The problem:
Instruction for the entries below: return the part that opens with the line containing "Корзиночка была и" and closes with the line containing "Esta pulseira é", exactly, and no pictures.
--- Data provided Enclosed Below ---
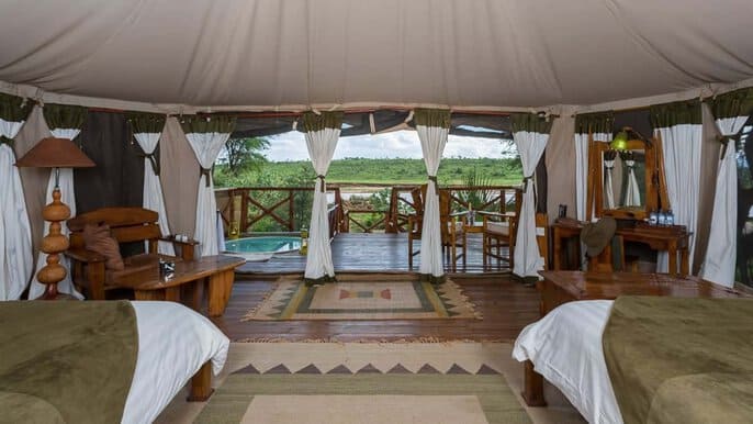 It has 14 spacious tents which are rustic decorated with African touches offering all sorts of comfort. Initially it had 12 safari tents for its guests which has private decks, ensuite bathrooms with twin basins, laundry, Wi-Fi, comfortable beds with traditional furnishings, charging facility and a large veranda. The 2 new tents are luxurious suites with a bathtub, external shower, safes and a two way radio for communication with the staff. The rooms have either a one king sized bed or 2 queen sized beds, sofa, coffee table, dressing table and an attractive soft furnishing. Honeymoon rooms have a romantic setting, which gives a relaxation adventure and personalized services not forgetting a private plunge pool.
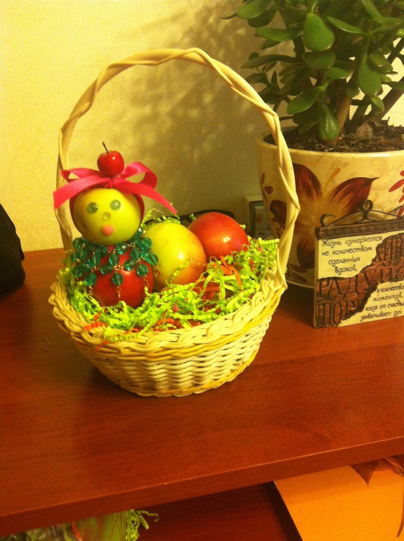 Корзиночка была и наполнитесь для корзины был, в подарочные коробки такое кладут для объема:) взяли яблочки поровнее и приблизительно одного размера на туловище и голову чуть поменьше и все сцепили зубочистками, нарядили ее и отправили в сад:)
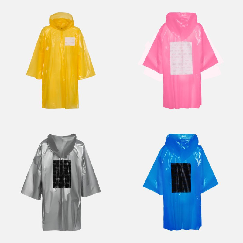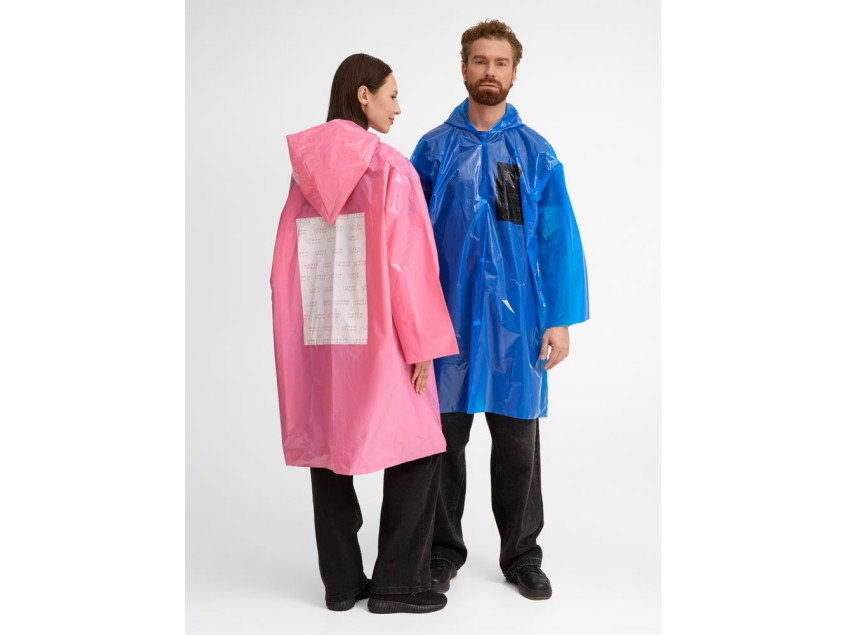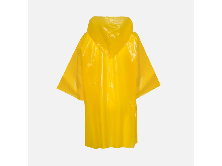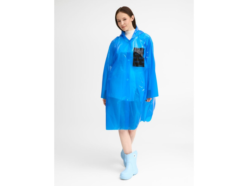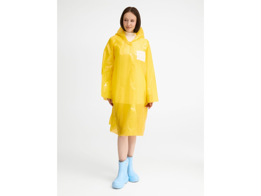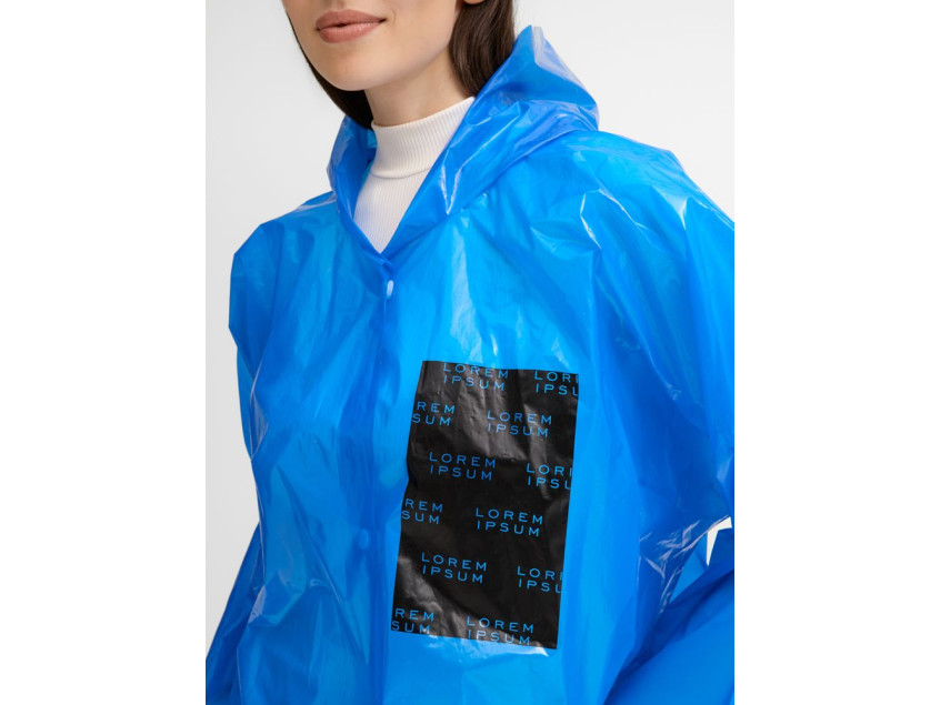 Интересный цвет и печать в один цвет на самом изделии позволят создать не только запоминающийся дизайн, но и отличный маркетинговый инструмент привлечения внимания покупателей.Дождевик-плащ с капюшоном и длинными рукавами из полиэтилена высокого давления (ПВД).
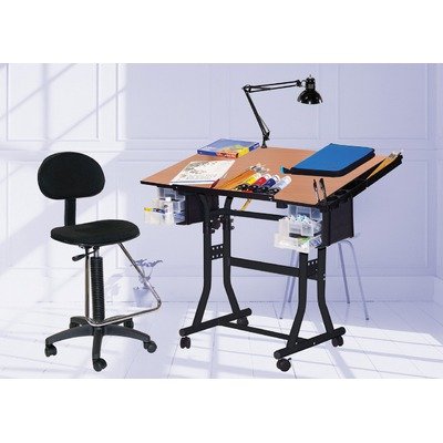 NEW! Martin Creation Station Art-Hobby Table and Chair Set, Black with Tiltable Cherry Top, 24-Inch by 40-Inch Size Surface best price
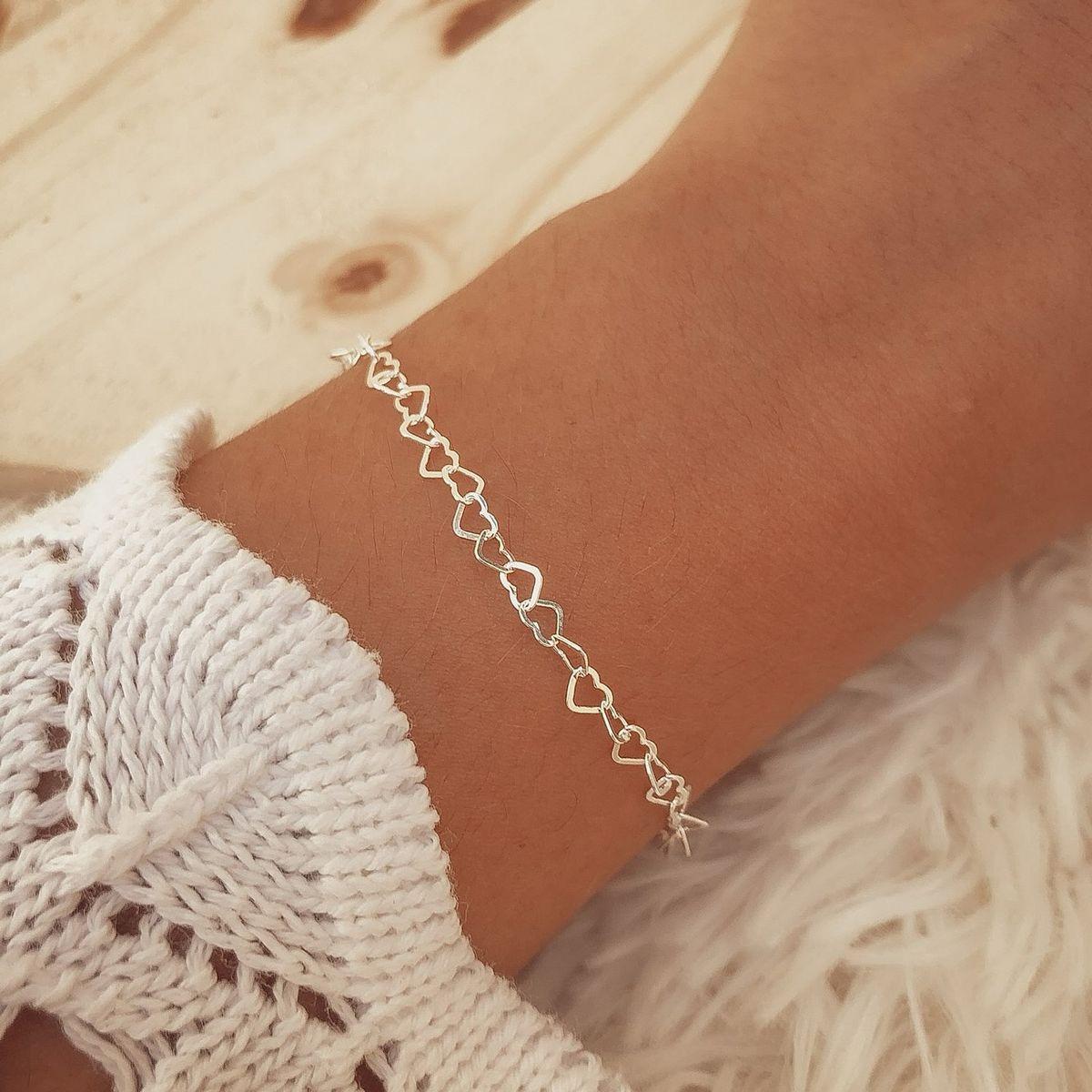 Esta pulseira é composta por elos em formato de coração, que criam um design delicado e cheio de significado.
--- End of Enclosed Data provided ---
--- Data provided Enclosed Below ---
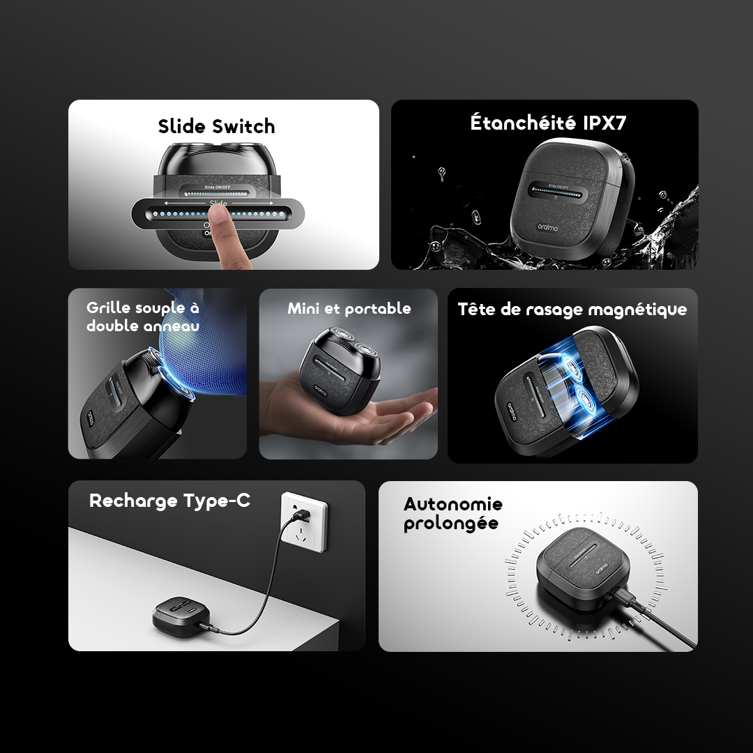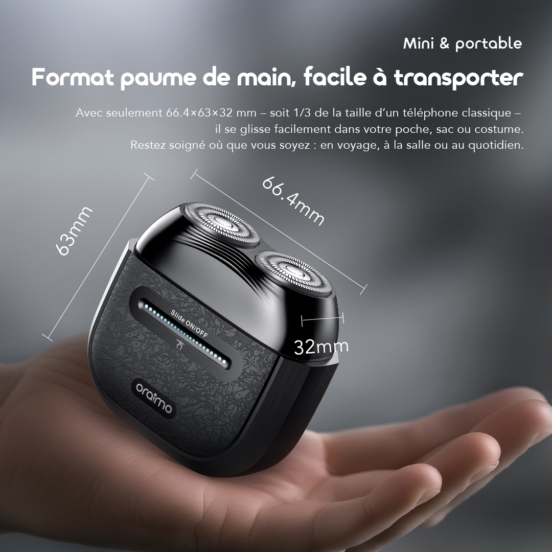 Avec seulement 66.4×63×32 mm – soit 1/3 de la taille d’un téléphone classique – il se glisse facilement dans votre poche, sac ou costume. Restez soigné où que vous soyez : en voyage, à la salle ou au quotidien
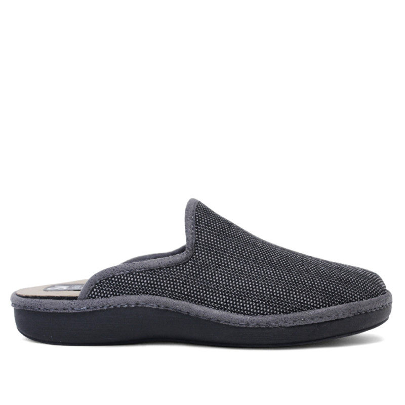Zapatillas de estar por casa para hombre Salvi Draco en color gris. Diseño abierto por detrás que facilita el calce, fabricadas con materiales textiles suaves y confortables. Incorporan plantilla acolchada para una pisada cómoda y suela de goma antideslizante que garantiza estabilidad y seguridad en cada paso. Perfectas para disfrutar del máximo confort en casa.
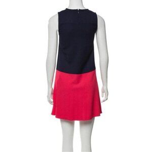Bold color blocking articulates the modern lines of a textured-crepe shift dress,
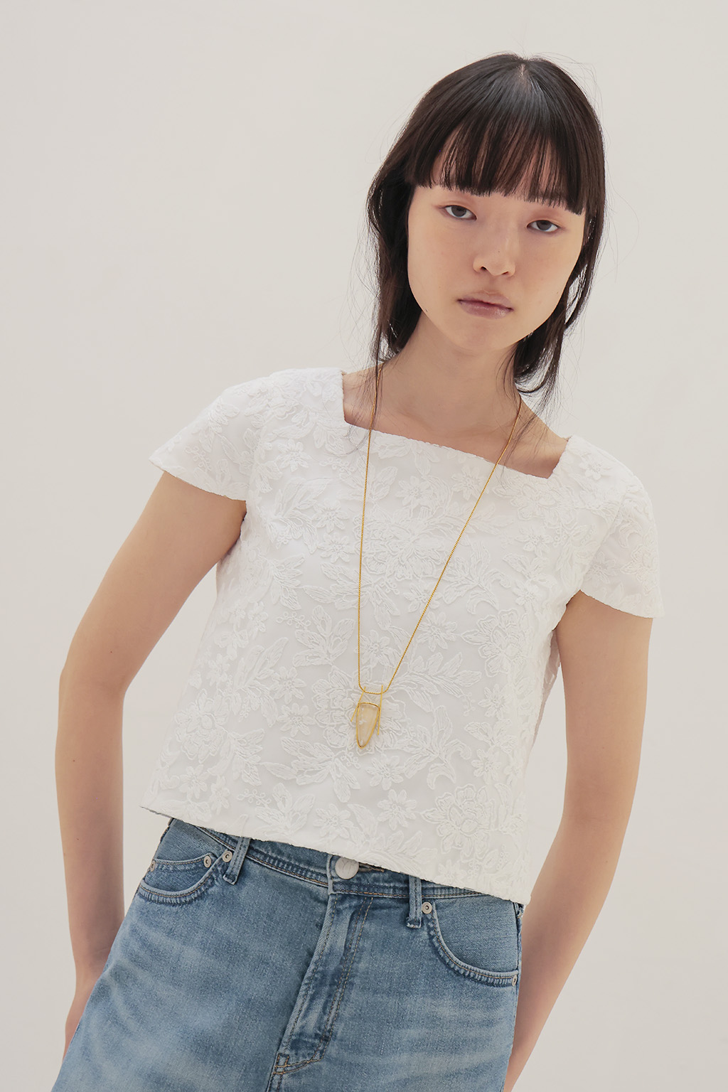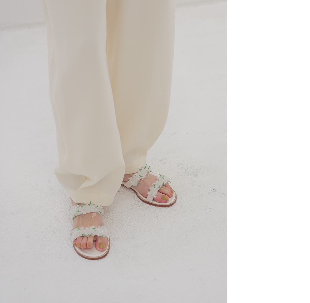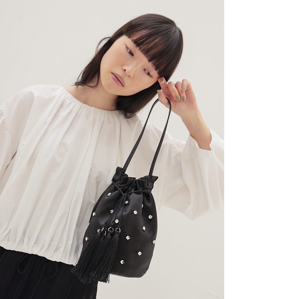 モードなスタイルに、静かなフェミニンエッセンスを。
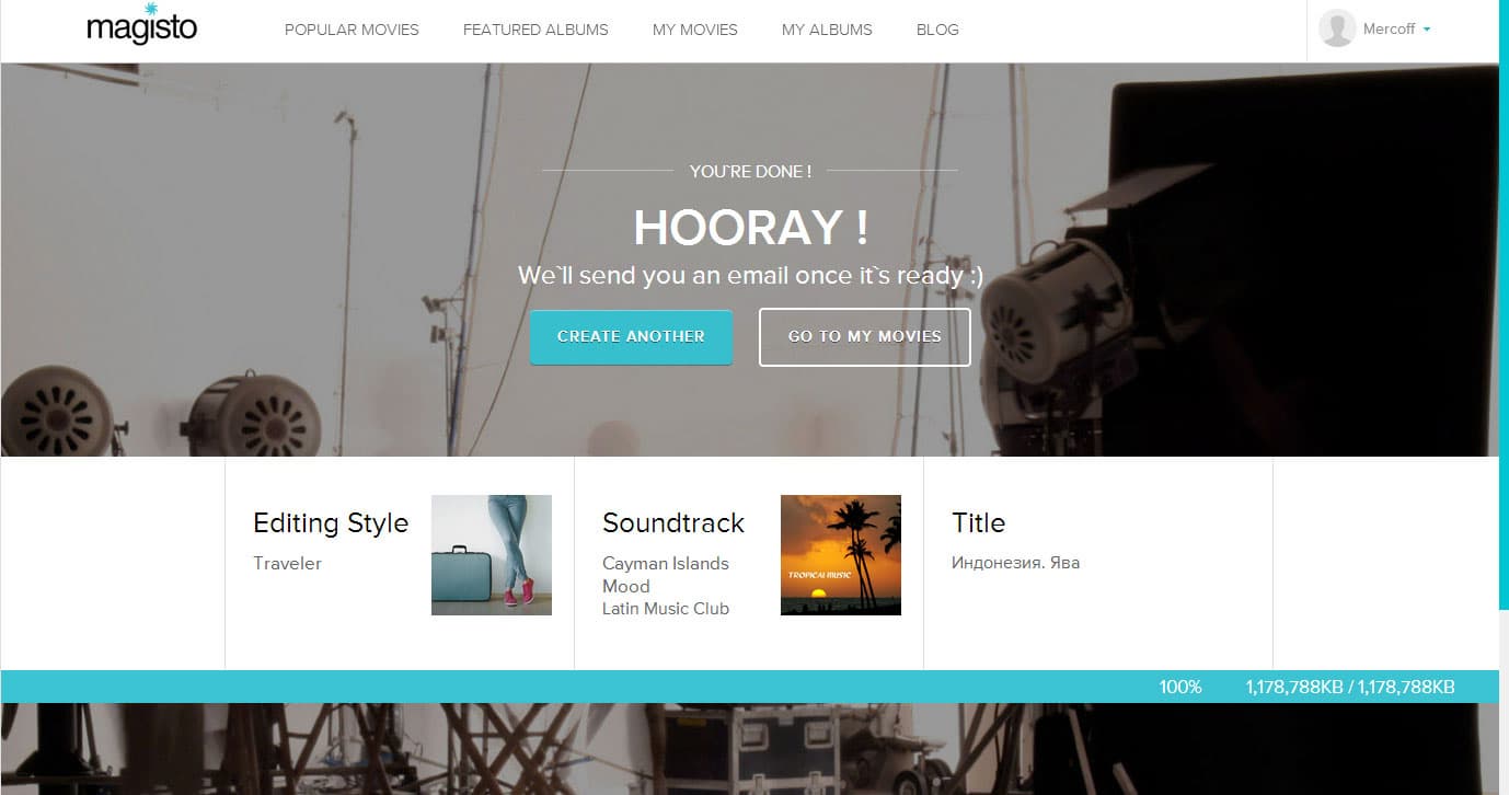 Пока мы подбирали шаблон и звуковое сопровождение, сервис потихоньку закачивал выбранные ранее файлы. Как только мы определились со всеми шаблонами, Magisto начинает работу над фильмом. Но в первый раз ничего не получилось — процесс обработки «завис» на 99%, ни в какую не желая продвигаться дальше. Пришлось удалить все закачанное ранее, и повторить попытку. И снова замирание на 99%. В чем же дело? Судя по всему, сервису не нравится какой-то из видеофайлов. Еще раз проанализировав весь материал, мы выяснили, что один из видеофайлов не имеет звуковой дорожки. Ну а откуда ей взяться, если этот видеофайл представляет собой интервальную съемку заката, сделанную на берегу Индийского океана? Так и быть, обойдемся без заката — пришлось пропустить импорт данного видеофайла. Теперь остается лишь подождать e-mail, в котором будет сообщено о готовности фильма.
--- End of Enclosed Data provided ---
Completed task:
 Корзиночка была и наполнитесь для корзины был, в подарочные коробки такое кладут для объема:) взяли яблочки поровнее и приблизительно одного размера на туловище и голову чуть поменьше и все сцепили зубочистками, нарядили ее и отправили в сад:)
 Интересный цвет и печать в один цвет на самом изделии позволят создать не только запоминающийся дизайн, но и отличный маркетинговый инструмент привлечения внимания покупателей.Дождевик-плащ с капюшоном и длинными рукавами из полиэтилена высокого давления (ПВД).
 NEW! Martin Creation Station Art-Hobby Table and Chair Set, Black with Tiltable Cherry Top, 24-Inch by 40-Inch Size Surface best price
 Esta pulseira é composta por elos em formato de coração, que criam um design delicado e cheio de significado.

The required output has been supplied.